Читать «Проклятая доля» онлайн - страница 80

Жорж Батай

При таких условиях революционная борьба против царей и помещиков - проводившаяся не только большевиками, но и партиями демократического крыла (кадеты) - подобно вихрю прошла за очень короткое время весь путь, занявший во Франции период с 1789 г. до наших дней. Но с самого начала смысл борьбы определялся экономическими основами: она только и могла, что остановить непроизводительные расходы И перенаправить богатства на приобретение оборудования для страны. Она могла иметь лишь цель, противоположную той, к какой в индустриализованных государствах стремятся трудящиеся массы и поддерживающие их партии. Эти расходы следовало уменьшить ради накопления. Несомненно, такое уменьшение задевало имущие классы, однако же поскольку часть расходов, изъятая таким способом, не могла, или же могла, но лишь во вторую очередь, послужить улучшению судьбы трудящихся, эту часть следовало первым делом посвятить приобретению промышленного оборудования.

Первая мировая война в России с самого начала продемонстрировала, что в момент, когда состав промышленных сил, каковыми являются нации, начинает увеличиваться повсюду, ни одна из наций не может отставать. Вторая мировая война дала этому окончательное подтверждение. Обусловливающие факторы в развитии первых индустриальных стран мира задавались изнутри; в случае же отсталой страны они задавались преимущественно извне. Что бы ни говорилось о внутренней необходимости для России промышленно эксплуатировать свои ресурсы, надо добавить, что - как бы там ни было - только эта эксплуатация позволила ей выдержать испытание недавней войной. Россия 1917 года, где господствовали люди, жившие сегодняшним днем, могла выжить только при одном условии: развивая свою мощь. Поэтому она призвала к правлению тот класс, который презирал роскошь и расточительство. Приток западных капиталовложений и растущая задержка промышленного роста России ясно показывают, что буржуазия в ней не имела промышленного преобладания и не находилась на подъеме, что позволило бы ей одержать победу. Отсюда парадокс, состоящий в том, что пролетариат вынужден неукоснительным образом обязывать себя к отказу от жизни, чтобы сделать ее возможной. Бережливый буржуа отказывается от наиболее суетной роскоши, но все-таки он наслаждается благосостоянием; в противоположность этому, самоотречение рабочего происходит в условиях тяжелых лишений.

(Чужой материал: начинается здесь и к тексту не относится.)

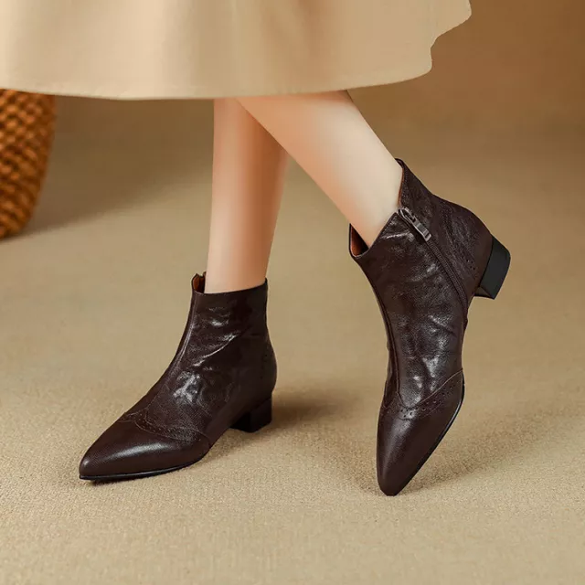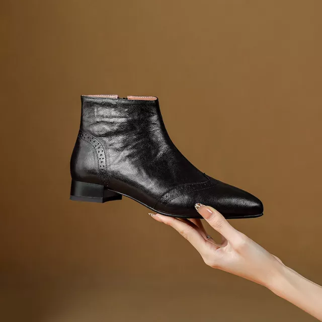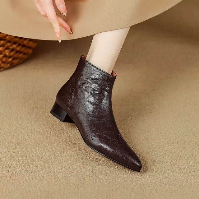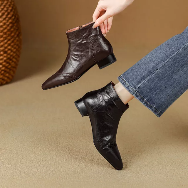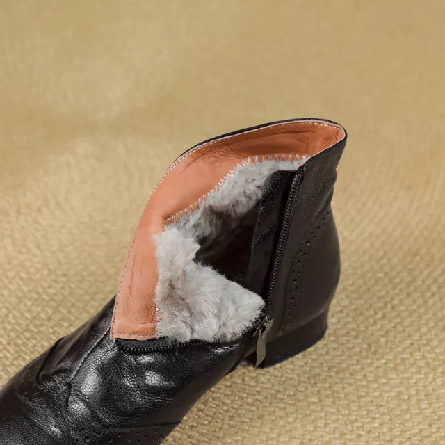 Winter Women’s Genuine Leather Ankle Boots with Wool Lining & Chunky Heel

"Никто, - писал Леруа-Болье, - не может страдать как русский, никто не может умирать как русский". Но представляется, что эта чрезмерная выносливость весьма далека от расчета. Похоже, нет такого края Европы, где человеку были бы столь чужды рациональные добродетели буржуазной жизни. Такие добродетели требуют условий безопасности: капиталистическому расчету необходимы строгие устои порядка, когда возможно оглядеться вокруг себя. Русская жизнь на безмерных равнинах, с давних времен уязвимая перед набегами варваров и безостановочно преследуемая призраком голода и холода, в первую очередь способствовала возникновению таких противоположных свойств, как беззаботность, жесткость и жизнь сегодняшним днем. Отказ советского рабочего от сиюминутной выгоды ради счастья грядущих времен, по сути, потребовал доверия к некоей третьей стороне. И не только доверия, но и безропотного подчинения. Необходимые усилия должны были ответить на мощные и непосредственные стимулы, которые были изначально заложены в природе опасной, бедной и бескрайней страны; этиусилия должны были оставаться соразмерными этой бескрайности и нищете.